§ **Input**:
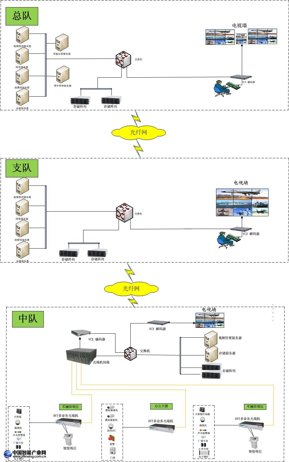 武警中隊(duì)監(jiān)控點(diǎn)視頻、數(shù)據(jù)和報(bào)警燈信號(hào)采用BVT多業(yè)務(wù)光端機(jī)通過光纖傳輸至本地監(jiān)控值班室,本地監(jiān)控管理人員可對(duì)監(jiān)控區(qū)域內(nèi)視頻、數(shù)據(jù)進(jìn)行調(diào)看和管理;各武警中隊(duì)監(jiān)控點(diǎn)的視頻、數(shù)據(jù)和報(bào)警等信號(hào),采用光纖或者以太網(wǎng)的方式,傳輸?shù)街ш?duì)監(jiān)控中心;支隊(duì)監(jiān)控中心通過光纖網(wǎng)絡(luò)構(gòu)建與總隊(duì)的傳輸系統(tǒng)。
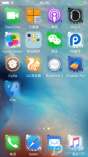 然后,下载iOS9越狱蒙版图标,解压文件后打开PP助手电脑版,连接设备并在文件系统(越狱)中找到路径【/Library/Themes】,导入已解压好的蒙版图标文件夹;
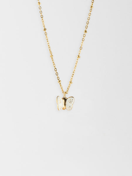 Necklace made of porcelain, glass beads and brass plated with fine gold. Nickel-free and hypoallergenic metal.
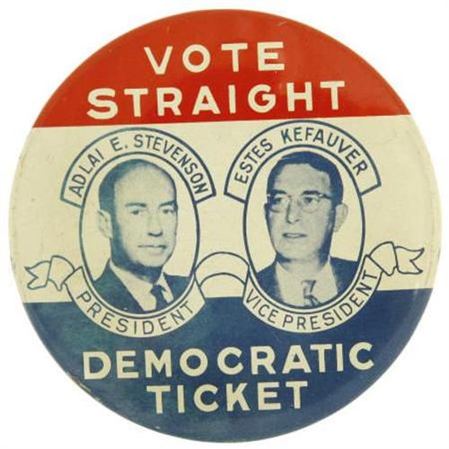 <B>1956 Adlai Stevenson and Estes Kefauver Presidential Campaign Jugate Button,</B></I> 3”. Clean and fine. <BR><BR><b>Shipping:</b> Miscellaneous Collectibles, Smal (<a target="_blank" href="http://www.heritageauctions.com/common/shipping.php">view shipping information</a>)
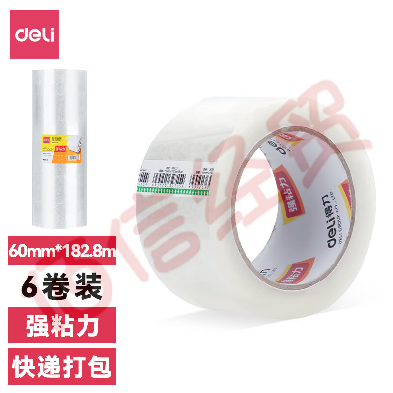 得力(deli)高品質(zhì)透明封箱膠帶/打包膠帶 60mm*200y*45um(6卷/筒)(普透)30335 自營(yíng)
...
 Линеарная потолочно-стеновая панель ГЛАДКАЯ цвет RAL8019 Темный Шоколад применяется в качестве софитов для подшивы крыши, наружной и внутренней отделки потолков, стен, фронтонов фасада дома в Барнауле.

§ **What the task requires**:
Starting at the line above that holds "武警中隊(duì)監(jiān)控點(diǎn)視頻、數", repeat every line exactly down to and including the line that holds "然后,下载iOS9越狱蒙版图", then stop. Do not carry over any pictures.

§ **Your solution**:
 武警中隊(duì)監(jiān)控點(diǎn)視頻、數(shù)據(jù)和報(bào)警燈信號(hào)采用BVT多業(yè)務(wù)光端機(jī)通過光纖傳輸至本地監(jiān)控值班室,本地監(jiān)控管理人員可對(duì)監(jiān)控區(qū)域內(nèi)視頻、數(shù)據(jù)進(jìn)行調(diào)看和管理;各武警中隊(duì)監(jiān)控點(diǎn)的視頻、數(shù)據(jù)和報(bào)警等信號(hào),采用光纖或者以太網(wǎng)的方式,傳輸?shù)街ш?duì)監(jiān)控中心;支隊(duì)監(jiān)控中心通過光纖網(wǎng)絡(luò)構(gòu)建與總隊(duì)的傳輸系統(tǒng)。
 然后,下载iOS9越狱蒙版图标,解压文件后打开PP助手电脑版,连接设备并在文件系统(越狱)中找到路径【/Library/Themes】,导入已解压好的蒙版图标文件夹;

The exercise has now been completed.